| The problem |
Further down are entries; set down exactly and only the lines from the one with "Tỷ lệ kèo cá" up to and including the one with "A 11ª edição", dropping each picture.

| Input |

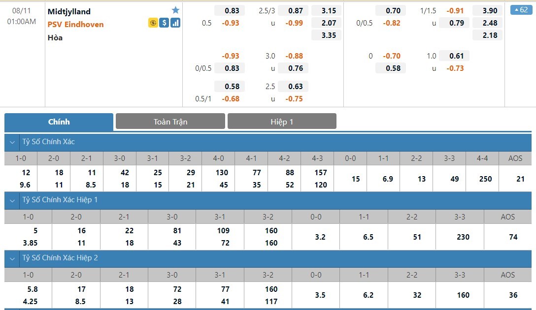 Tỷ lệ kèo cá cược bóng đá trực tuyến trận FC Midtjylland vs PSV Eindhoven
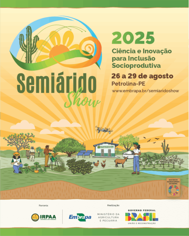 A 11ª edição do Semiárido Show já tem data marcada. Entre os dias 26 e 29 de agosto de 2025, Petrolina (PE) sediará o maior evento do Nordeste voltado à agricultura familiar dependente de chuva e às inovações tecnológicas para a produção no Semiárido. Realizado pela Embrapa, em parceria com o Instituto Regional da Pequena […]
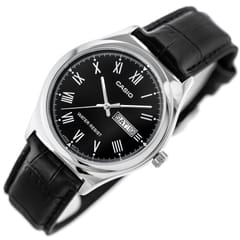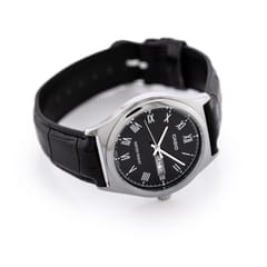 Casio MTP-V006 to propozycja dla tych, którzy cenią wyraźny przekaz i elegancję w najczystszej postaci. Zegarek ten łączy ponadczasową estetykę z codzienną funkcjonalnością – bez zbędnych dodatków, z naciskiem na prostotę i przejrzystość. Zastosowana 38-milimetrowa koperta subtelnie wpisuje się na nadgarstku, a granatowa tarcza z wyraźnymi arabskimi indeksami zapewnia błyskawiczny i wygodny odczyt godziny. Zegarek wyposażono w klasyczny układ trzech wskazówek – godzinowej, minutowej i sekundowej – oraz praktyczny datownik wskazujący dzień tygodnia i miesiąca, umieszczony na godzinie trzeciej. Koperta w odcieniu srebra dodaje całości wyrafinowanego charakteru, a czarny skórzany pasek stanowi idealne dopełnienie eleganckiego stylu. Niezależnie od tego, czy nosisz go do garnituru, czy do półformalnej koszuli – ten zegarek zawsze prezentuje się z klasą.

--

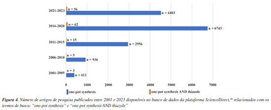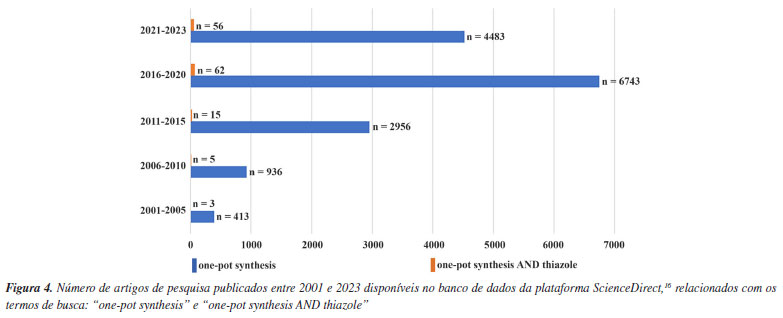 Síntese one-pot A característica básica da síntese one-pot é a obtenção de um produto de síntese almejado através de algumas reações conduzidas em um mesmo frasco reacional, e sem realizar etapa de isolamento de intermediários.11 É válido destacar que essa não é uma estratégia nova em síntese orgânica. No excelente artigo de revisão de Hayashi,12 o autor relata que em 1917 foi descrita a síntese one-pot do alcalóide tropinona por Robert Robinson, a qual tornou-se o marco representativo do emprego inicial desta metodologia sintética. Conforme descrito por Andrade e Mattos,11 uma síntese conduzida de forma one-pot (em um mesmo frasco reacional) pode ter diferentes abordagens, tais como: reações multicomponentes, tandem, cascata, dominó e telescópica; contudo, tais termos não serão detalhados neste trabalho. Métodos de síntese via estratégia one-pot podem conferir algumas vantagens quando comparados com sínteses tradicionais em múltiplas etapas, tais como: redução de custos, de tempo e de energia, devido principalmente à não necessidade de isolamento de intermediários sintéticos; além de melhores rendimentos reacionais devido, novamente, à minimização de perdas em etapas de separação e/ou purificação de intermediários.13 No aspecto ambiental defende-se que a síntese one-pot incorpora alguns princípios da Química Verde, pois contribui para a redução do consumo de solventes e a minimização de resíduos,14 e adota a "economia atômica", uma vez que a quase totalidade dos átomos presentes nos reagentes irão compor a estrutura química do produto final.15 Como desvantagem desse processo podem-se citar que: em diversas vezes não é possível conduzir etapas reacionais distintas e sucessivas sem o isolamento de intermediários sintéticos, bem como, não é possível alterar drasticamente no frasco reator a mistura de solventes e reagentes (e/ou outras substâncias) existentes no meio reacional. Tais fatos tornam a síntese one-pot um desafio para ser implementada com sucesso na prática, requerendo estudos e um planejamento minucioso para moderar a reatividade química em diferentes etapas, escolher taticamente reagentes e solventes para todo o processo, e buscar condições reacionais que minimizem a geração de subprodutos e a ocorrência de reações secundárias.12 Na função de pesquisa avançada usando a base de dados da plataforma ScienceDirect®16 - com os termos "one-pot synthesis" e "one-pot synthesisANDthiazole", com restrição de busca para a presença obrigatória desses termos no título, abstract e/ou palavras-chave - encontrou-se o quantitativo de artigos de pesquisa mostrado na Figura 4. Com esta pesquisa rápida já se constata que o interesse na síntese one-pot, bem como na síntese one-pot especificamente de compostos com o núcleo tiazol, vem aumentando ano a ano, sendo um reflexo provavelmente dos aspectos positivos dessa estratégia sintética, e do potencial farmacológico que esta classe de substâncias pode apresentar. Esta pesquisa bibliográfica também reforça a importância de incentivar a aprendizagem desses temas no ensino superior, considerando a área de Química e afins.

| Result for this task |
 Tỷ lệ kèo cá cược bóng đá trực tuyến trận FC Midtjylland vs PSV Eindhoven
 A 11ª edição do Semiárido Show já tem data marcada. Entre os dias 26 e 29 de agosto de 2025, Petrolina (PE) sediará o maior evento do Nordeste voltado à agricultura familiar dependente de chuva e às inovações tecnológicas para a produção no Semiárido. Realizado pela Embrapa, em parceria com o Instituto Regional da Pequena […]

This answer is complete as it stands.